LISTED ENTRIES: Begin
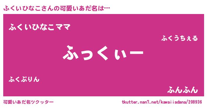 | ポケモン風あだ名 | 『ヒフクイヒナコ』『ゼニフク』 |
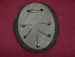 The design consists of a metal oval backing plate. The front is covered with black wool
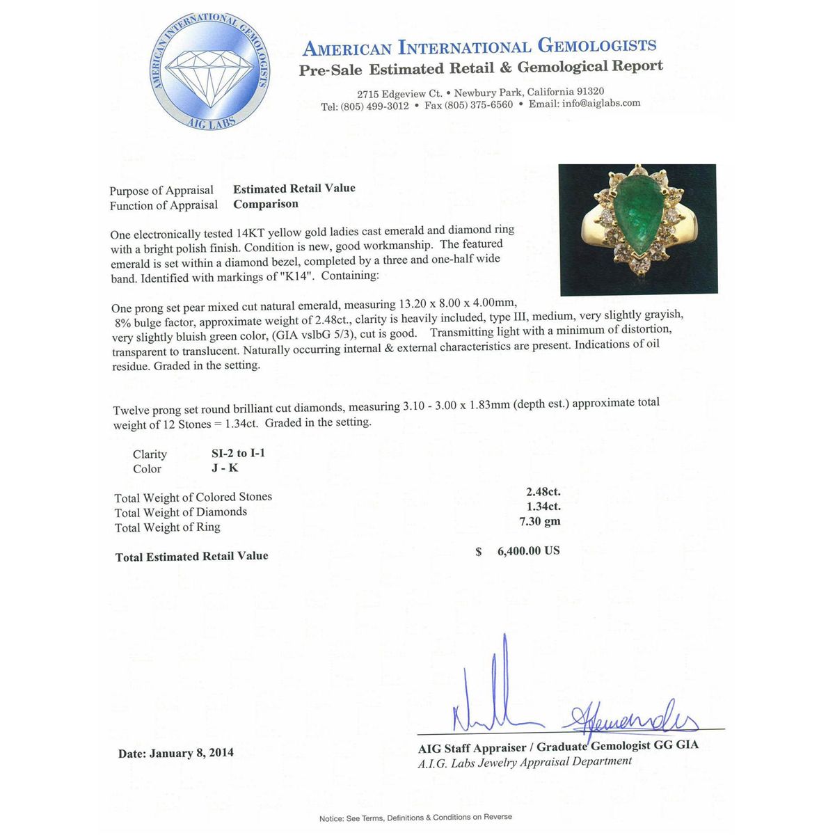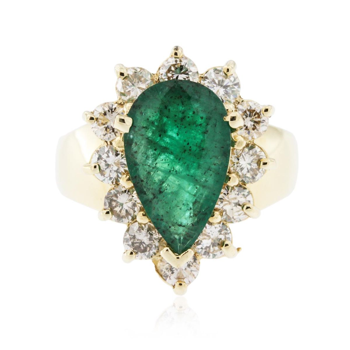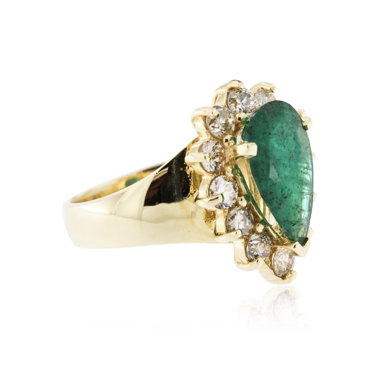 One electronically tested 14KT yellow gold ladies cast emerald and diamond ring with a bright polish finish. The featured emerald is set within a diamond bezel, completed by a three and one-half wide band. Identified with markings of "K14". Condition is new, good workmanship. Containing: One prong set pear mixed cut natural emerald, measuring 13.20 x 8.00 x 4.00mm, 8%. bulge factor, approximate weight of 2.48ct., clarity is heavily included, type III, medium, very slightly grayish, very slightly bluish green color, (GIA vslbG 5/3), cut is good. Transmitting light with a minimum of distortion, transparent to translucent. Naturally occurring internal & external characteristics are present. Indications of oil residue. Graded in the setting. Twelve prong set round brilliant cut diamonds, measuring 3.10 - 3.00 x 1.83mm (depth est.) approximate. Total Weight of 12 Stones = 1.34ct. Graded in the setting. Clarity: SI-2 to I-1 . Color: J - K. Total Weight of Colored Stones 2.48ct. Total Weight of Diamonds 1.34ct. AIG Appraised at $6,400.00.
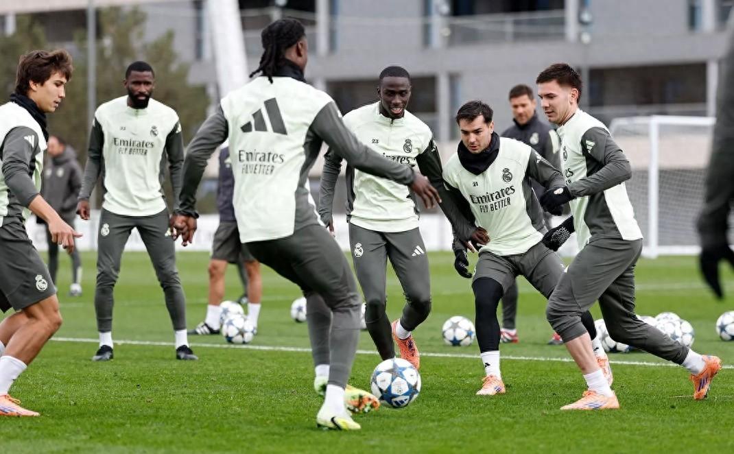 隨後在草坪上,球隊開展了多組位置戰術演練及雙區域遞進式訓練,訓練課最後以小場地對抗賽收尾。馬斯坦託諾隨隊參加了部分訓練內容,阿拉巴則在室內進行單獨訓練;卡瓦哈爾與米利唐仍在按計劃推進康復進程。
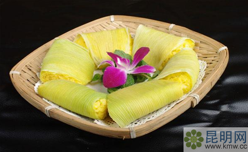 云南玉米叫包谷,包谷粑粑也并不全是包谷做的,是大米、包谷、糯米磨成細(xì)粉之后蒸制而成的,吃起來一點(diǎn)也沒有玉米面的那種隔嗓子的感覺,反而是香糯潤滑,咬一口恨不得把舌頭都咬掉;你挑選好后,賣粑粑的商販會(huì)很體貼的給你包兩片包谷葉子,讓你想聞不到包谷香都難。
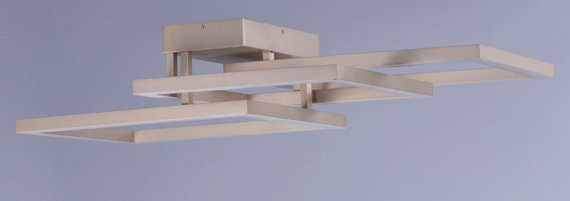 Multiple squares finished in Champagne, are layered in a geometric pattern to form an interesting lighting sculpture. Enclosed behind the white acrylic lens is high power LED for even and economical illumination.
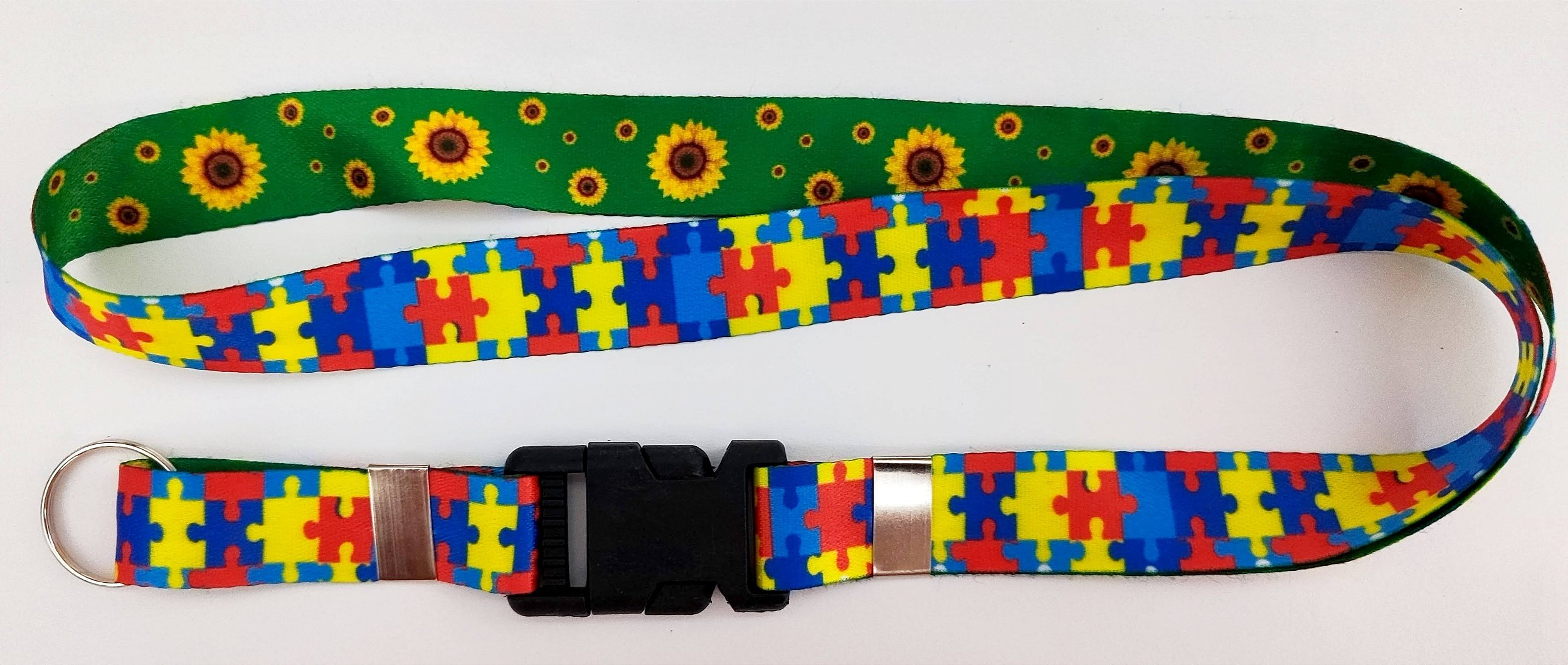 Cordão com Engate Rápido Quebra-Cabeça Autismo Girassol
LISTED ENTRIES: End
Copy exactly the lines from the line containing "Multiple squares finished" through the last line of the records above, both included, and leave out any pictures.

_SOLUTION TO THIS PROBLEM_
 Multiple squares finished in Champagne, are layered in a geometric pattern to form an interesting lighting sculpture. Enclosed behind the white acrylic lens is high power LED for even and economical illumination.
 Cordão com Engate Rápido Quebra-Cabeça Autismo Girassol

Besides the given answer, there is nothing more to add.